Starting with the line that holds "宮崎の渓流ではアゲハ類の集団" and stopping after the line that holds "义启燕书秀体,是义启字库定制", repeat the lines below word for word, without the pictures.
START DATA UNDER STUDY
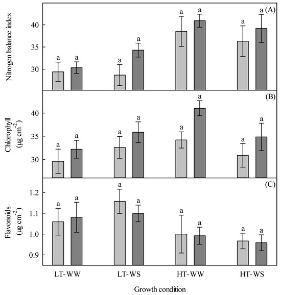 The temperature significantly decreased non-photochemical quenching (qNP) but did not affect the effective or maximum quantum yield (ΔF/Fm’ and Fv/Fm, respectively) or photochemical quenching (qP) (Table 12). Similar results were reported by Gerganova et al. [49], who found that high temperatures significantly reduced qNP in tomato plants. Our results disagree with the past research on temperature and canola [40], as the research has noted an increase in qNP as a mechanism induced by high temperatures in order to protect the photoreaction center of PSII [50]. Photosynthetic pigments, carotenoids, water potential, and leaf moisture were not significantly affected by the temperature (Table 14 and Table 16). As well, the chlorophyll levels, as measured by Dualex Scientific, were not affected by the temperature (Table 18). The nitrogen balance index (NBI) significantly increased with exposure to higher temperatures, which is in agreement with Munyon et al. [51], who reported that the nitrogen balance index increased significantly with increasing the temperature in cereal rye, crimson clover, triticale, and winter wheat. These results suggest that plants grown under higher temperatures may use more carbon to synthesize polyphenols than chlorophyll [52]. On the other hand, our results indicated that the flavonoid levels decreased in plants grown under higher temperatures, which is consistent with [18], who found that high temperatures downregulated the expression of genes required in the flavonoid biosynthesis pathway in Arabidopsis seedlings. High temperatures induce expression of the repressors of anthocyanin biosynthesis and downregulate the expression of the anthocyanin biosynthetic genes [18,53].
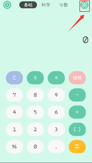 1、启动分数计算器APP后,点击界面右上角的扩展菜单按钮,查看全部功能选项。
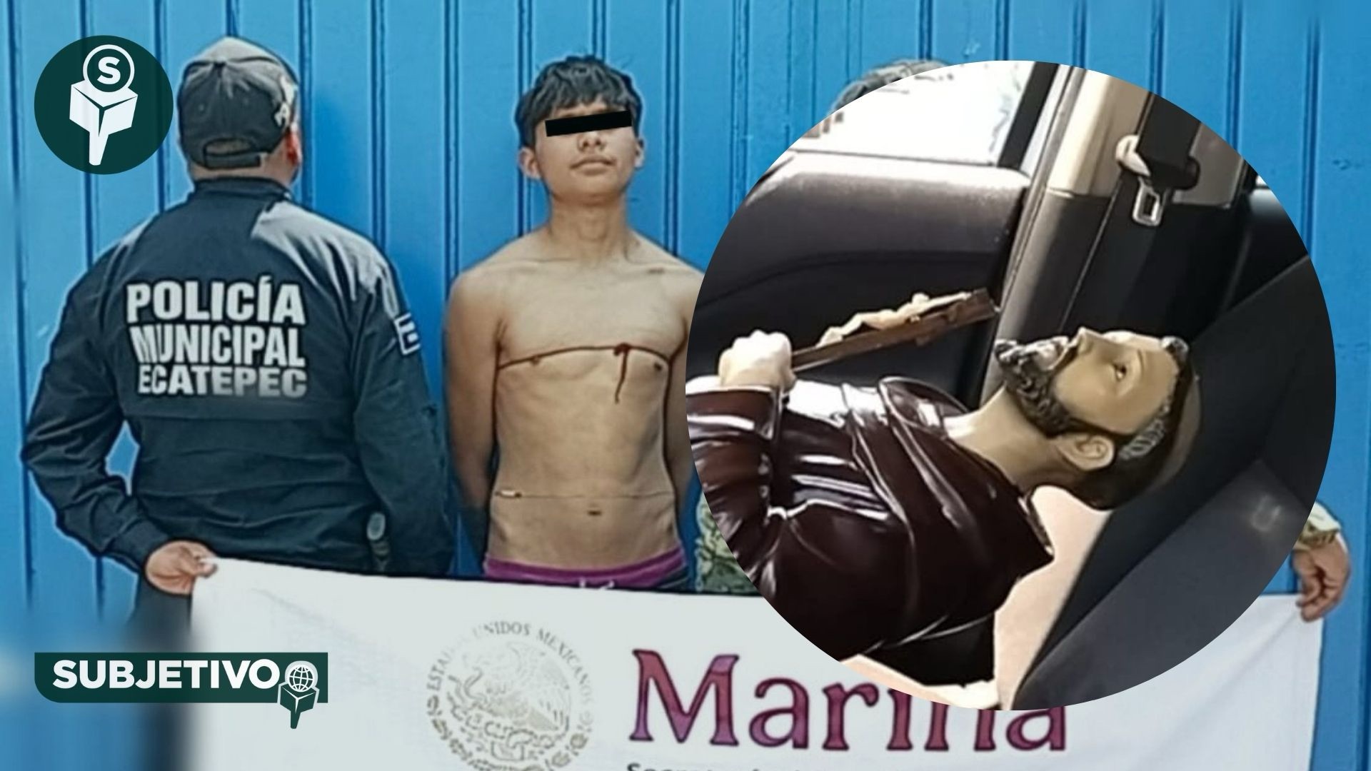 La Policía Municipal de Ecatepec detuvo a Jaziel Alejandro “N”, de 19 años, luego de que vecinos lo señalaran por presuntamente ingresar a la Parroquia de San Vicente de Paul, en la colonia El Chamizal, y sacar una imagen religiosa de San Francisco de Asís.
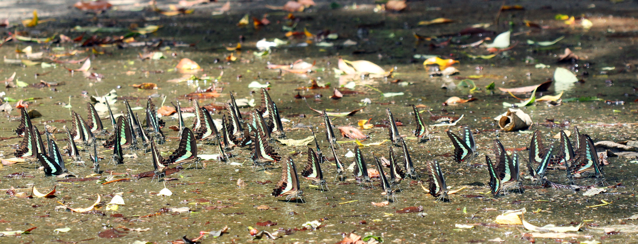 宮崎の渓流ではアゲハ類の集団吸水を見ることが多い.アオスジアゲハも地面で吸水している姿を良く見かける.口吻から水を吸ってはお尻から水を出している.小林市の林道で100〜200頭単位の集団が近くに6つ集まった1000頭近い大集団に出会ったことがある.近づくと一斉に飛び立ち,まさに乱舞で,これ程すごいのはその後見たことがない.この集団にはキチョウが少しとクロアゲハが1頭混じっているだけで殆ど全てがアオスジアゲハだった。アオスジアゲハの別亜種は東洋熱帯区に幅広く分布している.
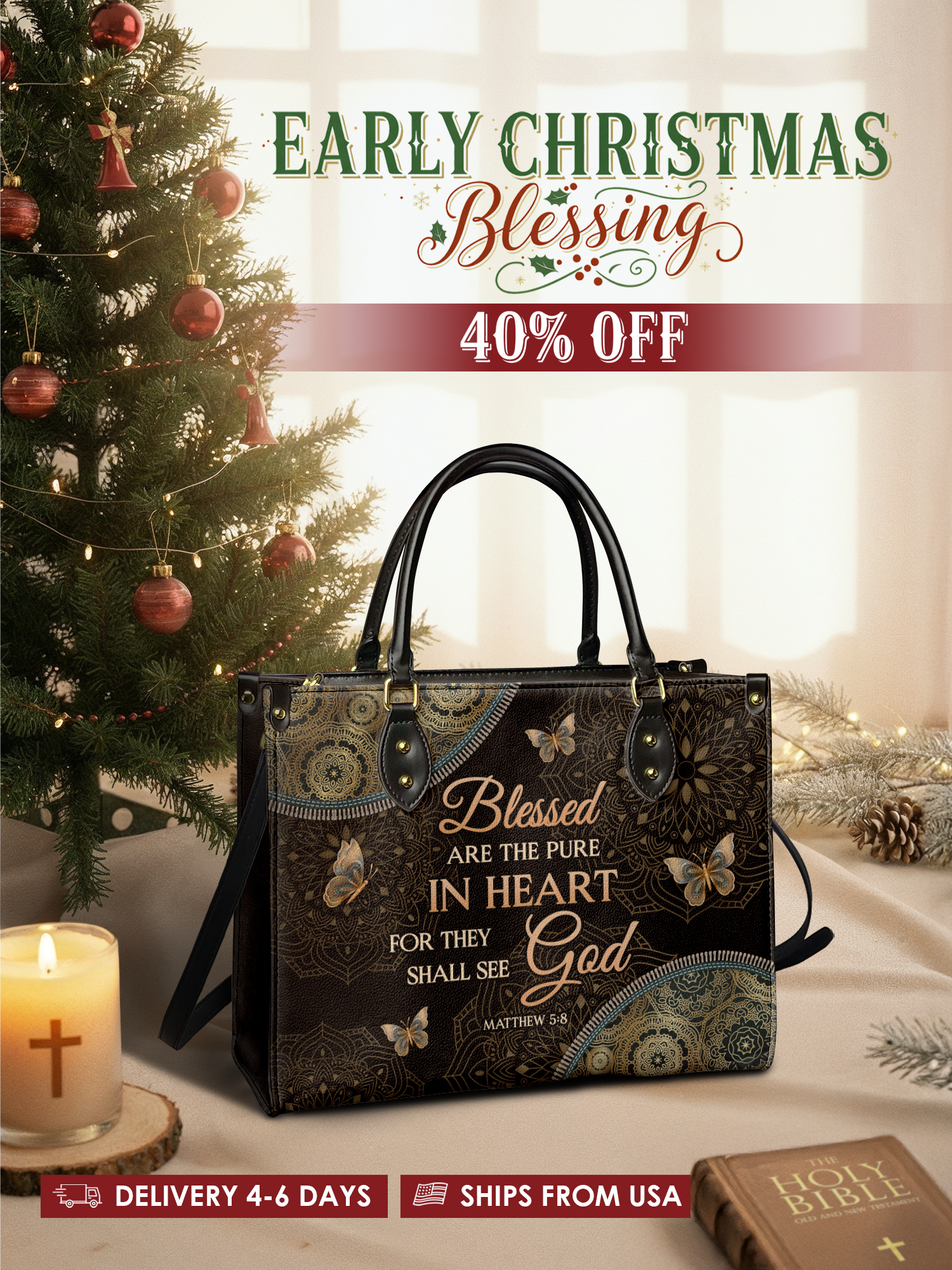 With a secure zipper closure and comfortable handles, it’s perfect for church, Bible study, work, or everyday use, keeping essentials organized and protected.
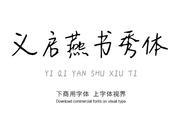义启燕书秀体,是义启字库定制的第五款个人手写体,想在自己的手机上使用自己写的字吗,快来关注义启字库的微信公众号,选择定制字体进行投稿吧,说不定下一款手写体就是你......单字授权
END DATA UNDER STUDY
START DATA UNDER STUDY
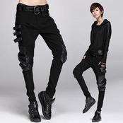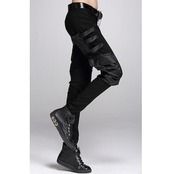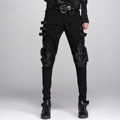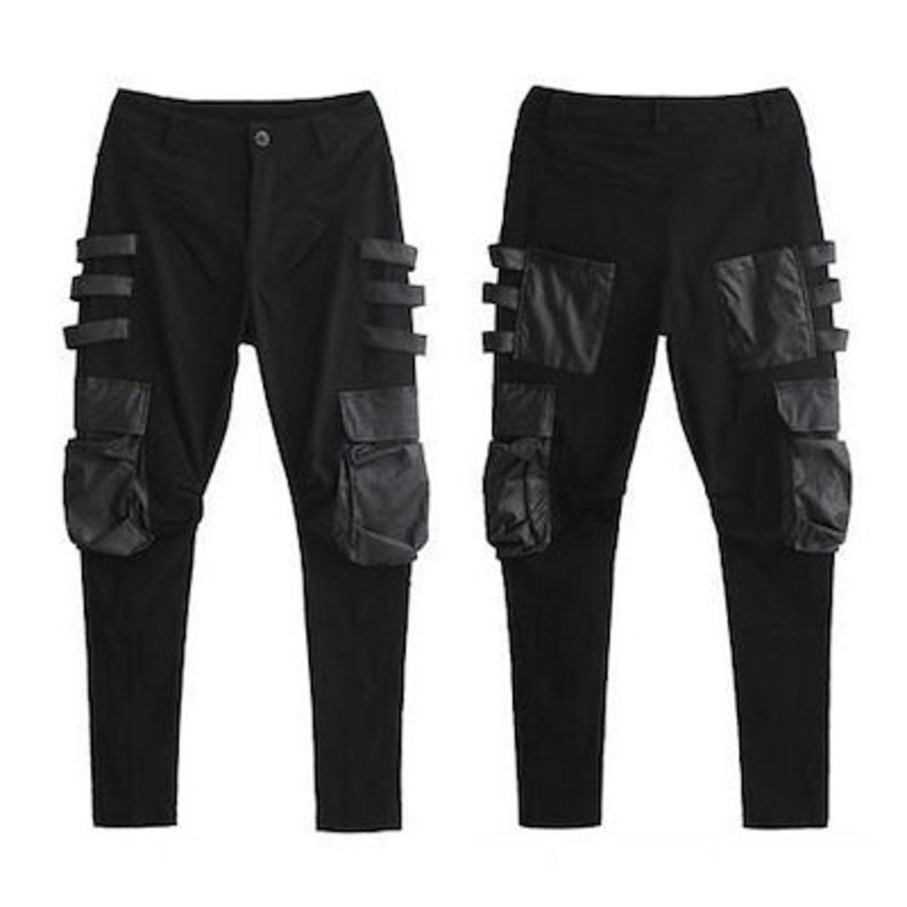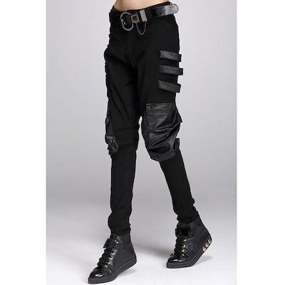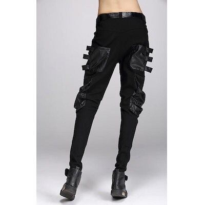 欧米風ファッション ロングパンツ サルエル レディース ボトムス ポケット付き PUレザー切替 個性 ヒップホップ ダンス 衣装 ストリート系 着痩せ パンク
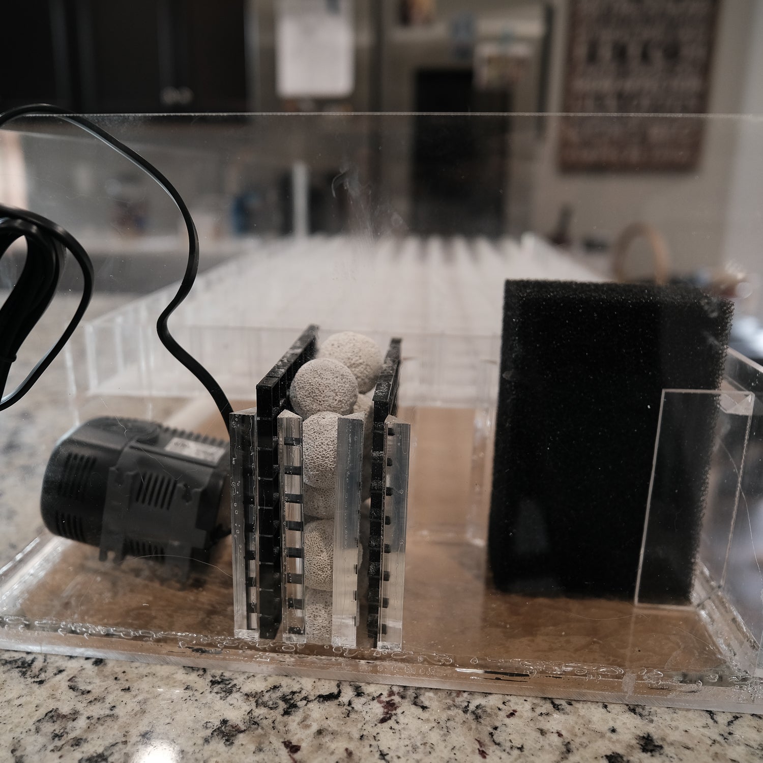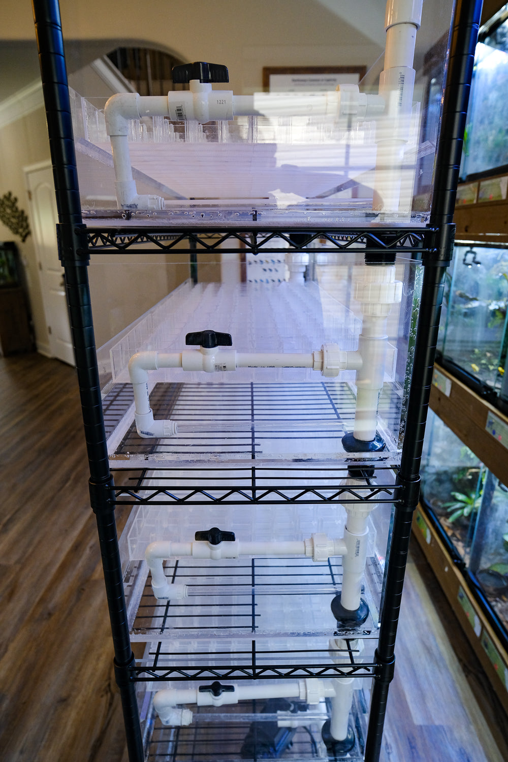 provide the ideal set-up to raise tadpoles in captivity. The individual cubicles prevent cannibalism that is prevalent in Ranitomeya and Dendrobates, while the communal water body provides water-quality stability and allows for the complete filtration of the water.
END DATA UNDER STUDY
START DATA UNDER STUDY
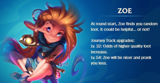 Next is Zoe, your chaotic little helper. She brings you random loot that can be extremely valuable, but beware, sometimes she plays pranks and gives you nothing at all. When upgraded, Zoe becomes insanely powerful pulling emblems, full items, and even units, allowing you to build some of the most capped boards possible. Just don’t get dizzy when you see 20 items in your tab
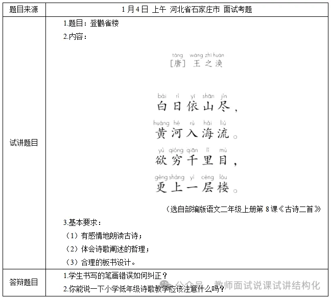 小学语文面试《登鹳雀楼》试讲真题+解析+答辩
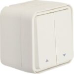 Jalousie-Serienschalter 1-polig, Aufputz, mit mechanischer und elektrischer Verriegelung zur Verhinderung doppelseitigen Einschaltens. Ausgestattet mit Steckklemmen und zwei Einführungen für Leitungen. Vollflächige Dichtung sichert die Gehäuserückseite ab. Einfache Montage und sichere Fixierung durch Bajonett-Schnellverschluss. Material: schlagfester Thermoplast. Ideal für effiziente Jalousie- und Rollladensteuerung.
END DATA UNDER STUDY
**RESPONSE AREA:**
 宮崎の渓流ではアゲハ類の集団吸水を見ることが多い.アオスジアゲハも地面で吸水している姿を良く見かける.口吻から水を吸ってはお尻から水を出している.小林市の林道で100〜200頭単位の集団が近くに6つ集まった1000頭近い大集団に出会ったことがある.近づくと一斉に飛び立ち,まさに乱舞で,これ程すごいのはその後見たことがない.この集団にはキチョウが少しとクロアゲハが1頭混じっているだけで殆ど全てがアオスジアゲハだった。アオスジアゲハの別亜種は東洋熱帯区に幅広く分布している.
 With a secure zipper closure and comfortable handles, it’s perfect for church, Bible study, work, or everyday use, keeping essentials organized and protected.
义启燕书秀体,是义启字库定制的第五款个人手写体,想在自己的手机上使用自己写的字吗,快来关注义启字库的微信公众号,选择定制字体进行投稿吧,说不定下一款手写体就是你......单字授权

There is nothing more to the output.